Стонтон хорошо заплатил хозяйке, а она была слишком озабочена своими делами, чтобы интересоваться, почему незнакомцы разбили лагерь позади ее пустых амбаров.
Первые два дня они почти все время спали, и герцог дал хозяйке денег, чтобы она готовила и приносила им еду, а также покупала продукты не только для них, но и для своих детей.
На третий день все достаточно отдохнули, чтобы задуматься, что же делать дальше.
– Подождем здесь Эллиота, – предложил герцог, когда они расселись вокруг костра и приступили к простому, но очень сытному обеду, состоявшему из хрустящего хлеба со свежим сливочным маслом, тушеного мяса и тарта из сушеных яблок.
– Разве ему не пора появиться? – спросила Сесиль, передавая кастрюлю тем, кто хотел добавки.
Сент-Джон уже волновался, но последнее, чего ему хотелось, – это напугать остальных, поэтому солгал:
– Беспокоиться пока рано. У нас полно времени, чтобы добраться до Меца.
Хотя сам он не рассказывал Сесиль, зачем они едут в Мец, но предположил, что это сделала Марианна. Или же Гай, который задерживался возле фургона француженки, даже когда ей не требовалась его помощь. Все уже поняли, что его друг без ума от прекрасной женщины-стрелка, но близки ли они, Стонтон сказать не мог.
Что до него самого, он уже перестал надеяться, что Марианна к нему придет. Он уговаривал себя, что это к лучшему, но ему не хватало убежденности, и с каждым днем он хотел ее все сильнее.
Право же, болван.
– Мы с Сесиль пойдем на речку, постираем кое-что.
Он оторвался от сладострастных мыслей и обнаружил предмет своего вожделения прямо перед собой в одном из ее кошмарных платьев.
– Тебе надо что-нибудь постирать?
– Уверен, мы можем заплатить за стирку мадам Бланше.
– Наверное, но мне нужно чем-нибудь заняться.
Он вскинул брови:
– Ты хочешь сказать, что соскучилась по пробежкам с Доббином?
– Ну, я еще не настолько отчаялась. Мне просто хочется размяться.
Стонтон встал:
– У меня куча грязной одежды. Сейчас все принесу.
– Буду ждать тебя у речки.
Марианне отчаянно хотелось искупаться, но герцог принес грязные вещи к речке и остался там, а у нее не хватало духу попросить его уйти.
Она знала, что ради их общего блага должна оттолкнуть его, но если отказывает себе в телесных удовольствиях, то уж наверное заслужила хотя бы дружеское общение в обмен на воздержанность?
При этих мыслях она принялась энергично лупить по рубашке, которую стирала.
– Ты ее сейчас порвешь, – предупредила стиравшая рядом Сесиль. – Это ведь рубашка его светлости.

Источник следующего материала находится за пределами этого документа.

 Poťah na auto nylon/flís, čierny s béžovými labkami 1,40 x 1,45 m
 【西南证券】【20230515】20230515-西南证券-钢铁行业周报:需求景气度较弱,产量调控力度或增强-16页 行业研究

Сесиль начала обращаться к обоим мужчинам по их титулам несколько дней назад, и Марианна подозревала, что делает она это нарочно, напоминая не только самой себе, но и подруге, какая пропасть лежит между артистками цирка и этими аристократами.
Она знала, что француженка спала с Гаем те две ночи, когда сама она была с герцогом: об этом ей рассказала сама Сесиль, но та не слышала того короткого познавательного разговора между ближайшим другом герцога и Марианной.
Разговор состоялся утром после волшебной ночи, когда она искала в своем фургоне, где бы спрятать эмалевую шкатулку и медальон.
Гай, до этого находившийся в фургоне мужчин, высунул голову, заметив ее.
– Привет. А что это ты делаешь?
– Это секрет.
– О-о-о, обожаю секреты.
Он усмехнулся так греховно, что в животе ее все затрепетало. Хоть Марианна ничего, кроме веселой снисходительности, к нему не испытывала, она не могла отрицать: он представляет собой великолепный образчик мужчины.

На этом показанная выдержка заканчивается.